Nothing
##' @title Create \code{bammdata} object from MCMC output
##'
##' @description \code{getEventData} Reads shift configuration data (the
##' "event data" output) from a \code{BAMM} analysis and creates a
##' \code{bammdata} object. The \code{bammdata} object is fundamental
##' for extracting information about macroevolutionary rate variation
##' through time and among lineages.
##'
##' @param phy An object of class \code{phylo} - specifically, the
##' time-calibrated tree that was analyzed with \code{BAMM}.
##' Alternatively, a character string specifying the path to a
##' newick-formatted tree.
##' @param eventdata A character string specifying the path to a \code{BAMM}
##' event-data file. Alternatively, an object of class \code{data.frame}
##' that includes the event data from a \code{BAMM} run.
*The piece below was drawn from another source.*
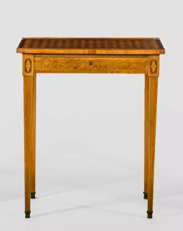 Rosenholz, furniert. Gerader Zargenkasten auf hohen, konischen Beinen. Rechteckige Deckplatte mit schmaler Galerierahmung. In der Front Schubfach mit Schreibfläche und Facheinteilung. Allseitig breit gerahmte Furnierfelder aus Gitterwerk. H. 73 cm. 61 cm x 42,5 cm.

##' @param burnin A numeric indicating the fraction of posterior samples to
##' discard as burn-in.
##' @param nsamples An integer indicating the number of posterior samples to
##' include in the \code{bammdata} object. May be \code{NULL}.
##' @param verbose A logical. If \code{TRUE} progess is outputted to the
##' console. Defaults to \code{FALSE}.
##' @param type A character string. Either "diversification" or "trait"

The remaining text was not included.